Using the determined parameters,  determine the number of useful carriers  $N_{\rm use}'$  again.

$N_{\rm user}' \ = \ $


Solution

(1)  It holds that  $T_{\rm G}' = \tau_{\rm max} \hspace{0.15cm}\underline { = 25\ \rm µ s}$.

  • This establishes the lower limit of the inequality  $T_{\rm{G}}' \ll T \ll T_{{\rm{coh}}} - T_{\rm{G}}'$. 
  • However, the upper limit can now also be calculated since the coherence time  $T_{\rm coh} = 400\ \rm µ s$  is known.


(2)  The geometric mean is used to reasonably solve the inequality from  (1)

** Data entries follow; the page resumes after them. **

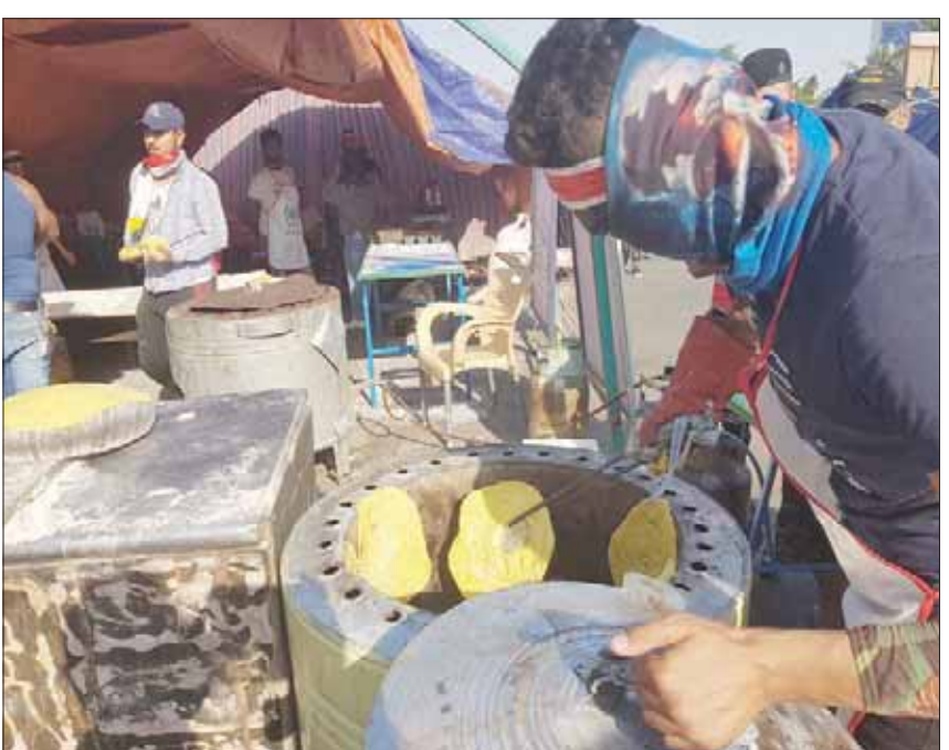
خباز يعمل بهمة لإطعام المظاهرين

متوفرة على مدار اليوم، ولعل ذلك مثل نوعاً من الإغراء لبعض الفئات الفقيرة، دفعهم للمواظبة على الحضور بشكل يومي ودون انقطاع.
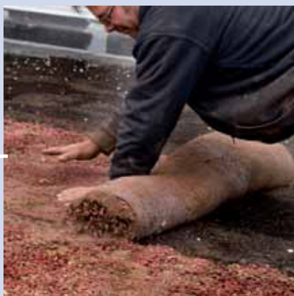
14. oder ND Vegetationsmatte ausrollen
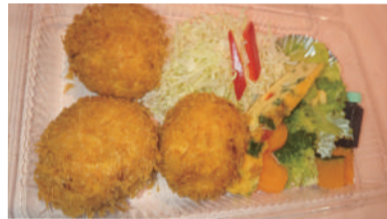
カニクリームコロッケ

人気のオムライスや、手間暇かけて作り上げたカニクリームコロッケ、200gハンバーグステーキをテイクアウト特別価格で終日提供しています。すでに毎週ご利用くださるお客様もいて嬉しい限りです。
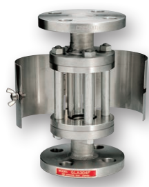
型式 - PH
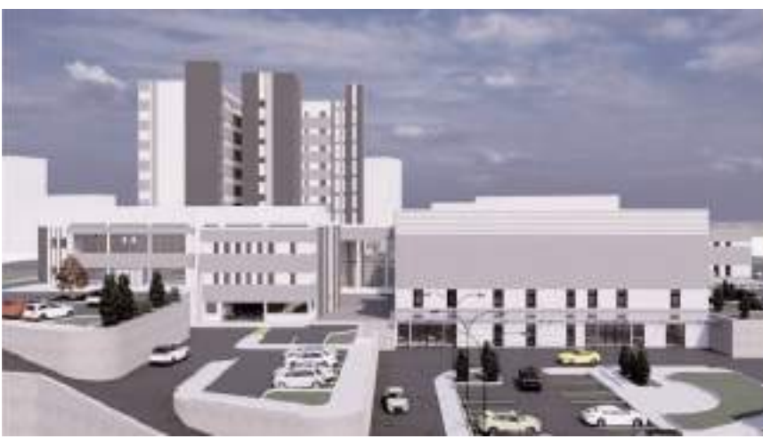
Hastane 200 yatak kapasiteli olacak.

İhale süreci kesinleştiğinde detaylı bilgiler kamuoyu ile paylaşılacak olup Devlet Hastanesi için desteklerinden dolayı başta Cumhurbaşkanımız Sayın Recep Tayyip Erdoğan olmak üzere Sağlık Bakanımız Sayın Fahrettin Koca, AK Parti Milletvekillerimiz Sayın Yusuf Ahlatcı ve Sayın Oğuzhan Kaya'ya teşekkür ederiz."
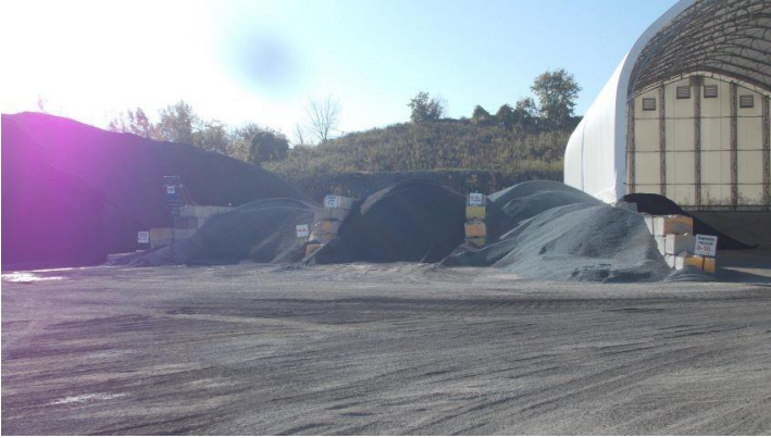
Art 23-24 .jpg L'emplacement de l'ancienne usine de béton bitumineux.
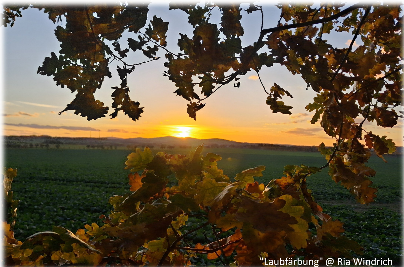
"Laubfärbung" @ Ria Windrich
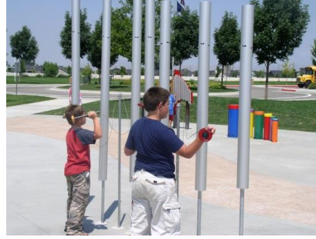
Şekil 2. Meridian Settlers Park, Idaho – Amerika (URL2, 2014).
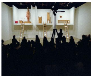
Gráfico nº 4: Marina Abramovic, "La casa con vista al océano" - Sean Nelly Gallery, Nueva Cork, 2002.
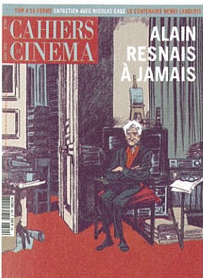
Couverture: Alain Resnais par Blutch pour les Cahiers du cinéma. Mise en couleurs Isabelle Merlet.
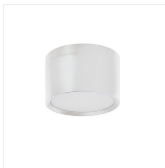
TIBERI PRO NT20W-940W
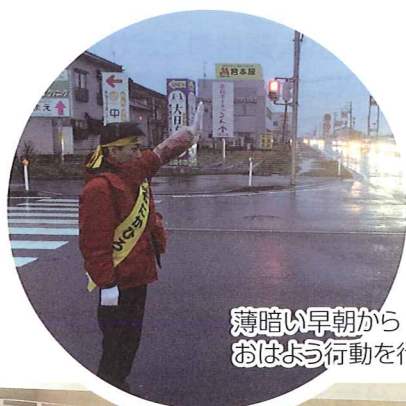
薄暗い早朝からおはよう行動を行う
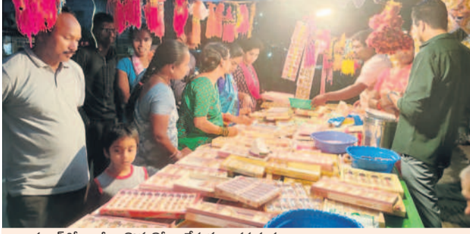
కడూర్లో రాబీలు కొనుగోలు చేస్తున్న ఆడపడుచులు

పౌరమి రోజు సోదర సోదరీమణులు అత్యంత పవిత్రంగా వారి బాంధవ్యం కల కాలం నిలవాలని జరుపుకొనే పండుగ ఇది. జీవితాంతం తోడుంటానని భరోసా ఇచ్చేది రాబీ పండుగ. పురాణాల్లో కూడా రాబీ పండుగకు ఎంతో విశిష్టత ఉన్నది. సమాజంలో మానవతా విలువలను మంటగలుపుతున్న జుర్రుకోవాలని అవసరం ఎంతైనా ఉన్నది. మానవ సంబంధాలను మెరుగుపర్చడానికి ఈ పండుగ ఎంతో దోహదం చేస్తుంది. రక్షా పండుగను పుట్టిన సోదర సోదరీమణులతో పండుగ జరుపుకోవాలని ఏమీలేదు. ఏ బంధుత్వమన్నా లేకపోయినా సోదరుడు, సోదరి అన్న భావం ఉన్న ప్రతిఒక్కరూ రక్షా బంధనాన్ని కట్టే వారి క్షేమాన్ని కొరవకోవద్దు. అత్యున్నత మద్దతు అనుబంధాలకు, ఇతర ముఖ్యమైన సర్వసహకారానికి విస్తారంగా రక్షా బంధన పండుగ నిలుస్తుంది. సోదరులకు ఎప్పుడూ రాబీ కడుదామని సోదరీమణులు వేయి కళ్లతో ఎదురు చూస్తుంటారు. రాబీ పండుగ రోజు ఉదయాన్నే తలసానం చేసి
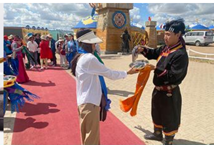
พิธีต้อนรับแขกด้วยเหล้า

$$T_{{\rm{opt}}} = \sqrt {T_{\rm{G}} ' \cdot (T_{{\rm{coh}}} - T_{\rm{G}} ')} = \sqrt {{25\,\,{\rm µ s}} \cdot ({400\,\,{\rm µ s}} - {25\,\,{\rm µ s}})} \hspace{0.15cm}\underline { \approx {97\,\,{\rm µ s}}}.$$


(3)  The required number of useful carriers is given by the following equation:

$$N_{{\rm{user}}} = \left\lceil {\frac{{R_{{\rm{B}}} \cdot (T + T_{\rm{G}} ')}} {{{\rm{log}_2}(M)}}}\right\rceil = \left\lceil {\frac{10^6\,\,{\rm bit/s} \cdot ({97\,\,{\rm µ s}} + {25\,\,{\rm µ s}} )} {{{\rm{log}_2}(4)}}}\right\rceil\hspace{0.15cm}\underline {= 61}.$$


(4)  The number of interpolation points of the  $\rm FFT$  must always be a power of two.  It follows that:

$$ N_{{\rm{FFT}}} = 2^{\left\lceil {{\rm{log_2}} \hspace{0.05cm}(61 )} \right\rceil } = 2^6\hspace{0.15cm}\underline {= 64}.$$
  • Unused carriers can be used as guard bands at the edges of the spectrum.

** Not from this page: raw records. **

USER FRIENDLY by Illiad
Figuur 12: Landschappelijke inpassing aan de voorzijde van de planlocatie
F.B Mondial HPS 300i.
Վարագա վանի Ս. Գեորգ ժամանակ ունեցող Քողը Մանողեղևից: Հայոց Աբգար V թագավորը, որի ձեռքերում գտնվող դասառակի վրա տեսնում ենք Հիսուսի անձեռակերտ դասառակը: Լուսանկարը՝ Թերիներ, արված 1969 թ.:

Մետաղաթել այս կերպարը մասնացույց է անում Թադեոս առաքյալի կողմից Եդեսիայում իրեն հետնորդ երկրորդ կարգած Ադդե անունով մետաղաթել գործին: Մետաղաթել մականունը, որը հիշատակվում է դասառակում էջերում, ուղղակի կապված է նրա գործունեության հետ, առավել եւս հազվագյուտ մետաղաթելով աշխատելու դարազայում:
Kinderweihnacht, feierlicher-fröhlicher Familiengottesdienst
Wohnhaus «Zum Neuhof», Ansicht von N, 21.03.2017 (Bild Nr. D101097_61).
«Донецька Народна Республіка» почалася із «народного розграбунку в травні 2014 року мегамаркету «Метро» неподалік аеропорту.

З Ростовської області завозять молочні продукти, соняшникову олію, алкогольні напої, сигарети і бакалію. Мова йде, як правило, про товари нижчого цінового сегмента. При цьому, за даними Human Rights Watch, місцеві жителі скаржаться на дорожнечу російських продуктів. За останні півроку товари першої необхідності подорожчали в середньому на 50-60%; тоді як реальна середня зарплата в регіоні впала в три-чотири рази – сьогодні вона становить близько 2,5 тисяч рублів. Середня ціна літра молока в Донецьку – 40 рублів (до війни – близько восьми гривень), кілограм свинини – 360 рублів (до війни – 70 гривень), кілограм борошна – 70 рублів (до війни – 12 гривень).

(5)  We denote the rounded number of grid points of the guard interval by  $N_{\rm{G}}$.  Then holds:

$$N_{\rm{G}} = \left\lceil {\frac{{T_{\rm{G}} '}} {{T_{{\rm{opt}}} }} \cdot N_{{\rm{FFT}}} } \right\rceil = \left\lceil {\frac{25\,\,{\rm µ s}} {97\,\,{\rm µ s}} \cdot 64 } \right\rceil \hspace{0.15cm}\underline {= 17},$$
$$ T_{\rm{G}} = N_{\rm{G}} \cdot \frac{{T_{{\rm{opt}}} }} {{N_{{\rm{FFT}}} }}= 17 \cdot \frac{{97\,\,{\rm µ s}}} {64}\hspace{0.15cm}\underline { \approx {26\,\,{\rm µ s}}}.$$


(6)  The frame duration results to

$$T_{\rm{R}} = T + T_{\rm{G}} = {97\,\,{\rm µ s}} + {26\,\,{\rm µ s}}\hspace{0.15cm}\underline {= {123\,\,{\rm µ s}}}.$$


(7)  Using the results of subtasks  (4)  and  (5),  we obtain:

$$ N_{\rm{total}} = N_{\rm{FFT}} + N_{\rm{G}} = 64 + 17 \hspace{0.15cm}\underline {= 81}.$$


(8)  The recalculation is necessary because the duration of the guard interval may have changed. 

  • Compared to subtask (3),  the provisional length  $T_{\rm{G}} '$  is replaced by  $T_{\rm{G}} $  and a slightly different result is obtained:
$$N_{\rm user}' = \left\lceil {\frac{10^6\,\,{\rm bit/s} \cdot ({97\,\,{\rm µ s}} + {26\,\,{\rm µ s}} )} {{{\rm{log_2}}(4)}}}\right\rceil = \left\lceil 61.5\right\rceil\hspace{0.15cm}\underline {= 62}.$$
  • However,  this still gives  $N_{\rm FFT} = 64$.